From: CurtAdams@aol.com
Date: Tue Sep 10 2002 - 12:10:25 MDT
In a message dated 9/10/02 10:45:45, eugen@leitl.org writes:
>Actually, we're talking about large-scale structures built by a hard
>vacuum form of gray goo on steroids. It doesn't take a lot more of
>information to create an insect than to create a procaryonte.
Actually, it does. There's also a lot of info in the physical layout of
the egg and it's components. DNA itself does not suffice.
>The
>effective seed itself is thus minimally few ten cubic micron sized, not
>considered redundant encoding for radiation hardening.
Minimal is putting it mildly.
>Besides, it doesn't matter whether the seed is the size of a poppy seed,
>an acorn, a coconut, or a truck. In fact, a larger sail is a target less
>easy to miss, and allows you to package lots of fancy stuff into it.
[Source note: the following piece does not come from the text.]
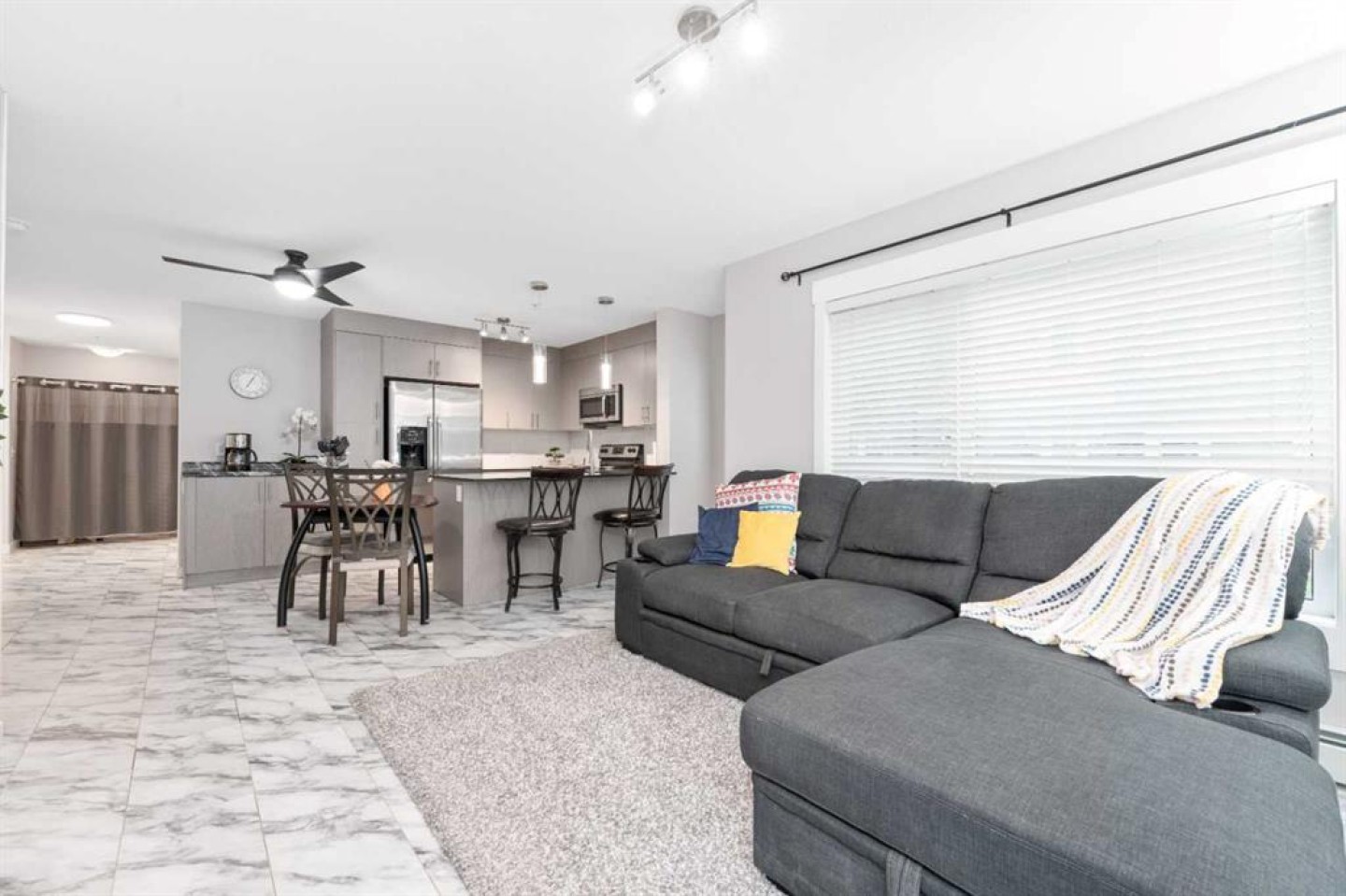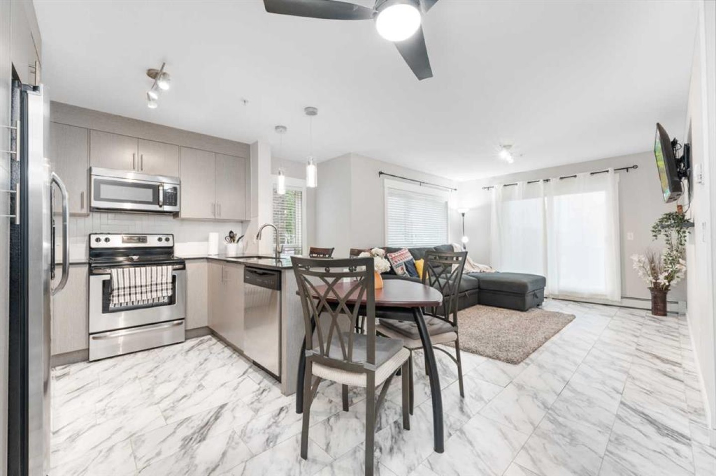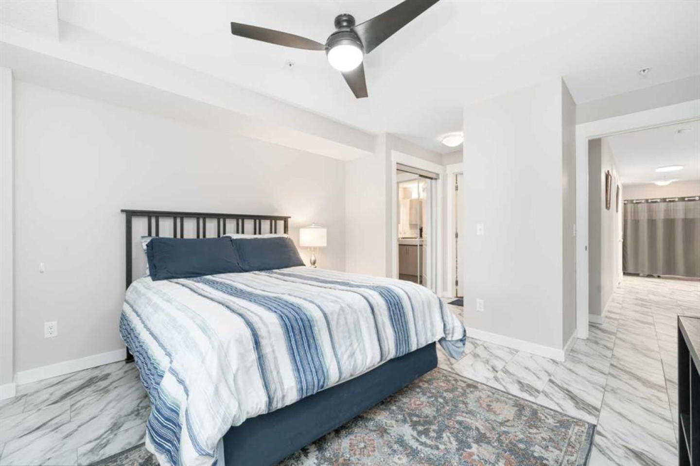 WELCOME to this BEAUTIFULLY FULLY FURNISHED, MOVE-IN READY, MAIN FLOOR CORNER UNIT offering 944 SQ FT of BRIGHT and FUNCTIONAL LIVING SPACE. Ideally located just 10 MINUTES FROM CALGARY INTERNATIONAL AIRPORT, this gorgeous home features 2 SPACIOUS BEDROOMS and 2 FULL BATHROOMS. Enjoy a MODERN OPEN-CONCEPT LAYOUT with GRANITE COUNTERTOPS, FRESH PAINT, and a STYLISH CONTEMPORARY FEEL. Both bedrooms and bathrooms are GENEROUSLY SIZED, offering COMFORT and FUNCTIONALITY for everyday living. The SPACIOUS PRIMARY SUITE is a true retreat, complete with HIS-AND-HERS CLOSETS and a PRIVATE 4-PIECE ENSUITE. The SECOND BEDROOM and BATHROOM are located on the OPPOSITE SIDE for ADDED PRIVACY—perfect for GUESTS, ROOMMATES, or a HOME OFFICE. Additional features include IN-SUITE LAUNDRY, a TITLED HEATED UNDERGROUND PARKING STALL, and a SECURE STORAGE SPACE. There’s also AMPLE VISITOR PARKING for guests. Step outside to your PRIVATE GROUND-LEVEL PATIO, ideal for RELAXING or ENTERTAINING. Perfectly situated WITHIN WALKING DISTANCE TO SCHOOLS, PARKS, AND PUBLIC TRANSIT, and just MINUTES FROM COSTCO, CROSSIRON MILLS MALL, with EASY ACCESS to STONEY TRAIL and DEERFOOT TRAIL. You’re only 20 MINUTES TO DOWNTOWN CALGARY—making this an excellent choice for PROFESSIONALS, FIRST-TIME BUYERS, DOWNSIZERS, or INVESTORS. This home truly combines COMFORT, CONVENIENCE, AND LOCATION—and is FULLY FURNISHED & READY FOR IMMEDIATE POSSESSION.

True; on this end the beam will be larger than the sail for high-speed
even if it's the size of the moon. But, of course, your have to stop
it at the other end too.
>We don't want to recreate a civilization. (At least not yet). We want to
>create a bootstrap bridgehead, a cosmic mitt for subsequent baseballs
>whirled thisaway, which requires orders of magnitude of an animal genome
>to encode, if done efficiently.
A catcher's mitt construction program is much smaller, true. But then
you're dealing with interstellar communication. It would take Aricebo
a mighty long time to transmit the Library of Congress.
>You can of course include complete
>civilization seeds, in the volume of a grapefruit or less.
How can you assume that? As I've pointed out a seed for our current
society would be truly enormous. How can you assume a technology
that may not even work will achieve efficiency improvements of 10
orders of magnitude?
>People are bitvectors. Gigatons is cheap, if your equipment is
>autopoietic. Image: you can grow a forest the size of a continent starting
>with a single acorn.
Yes, but the forest contains little information. Each person on this
planet carries their own information, and lots of it. The failure of
autarky attempts indicates you need at least a large fraction of the
population just to keep the technological lights on.
>> Like I said - propellant, not data, for space operations. It's big and
things
>> move very fast.
>That's the whole point of using photons for propellant. You leave your
>power plant at home, your propulsion is completely passive.
You've got to get around once you get there, too.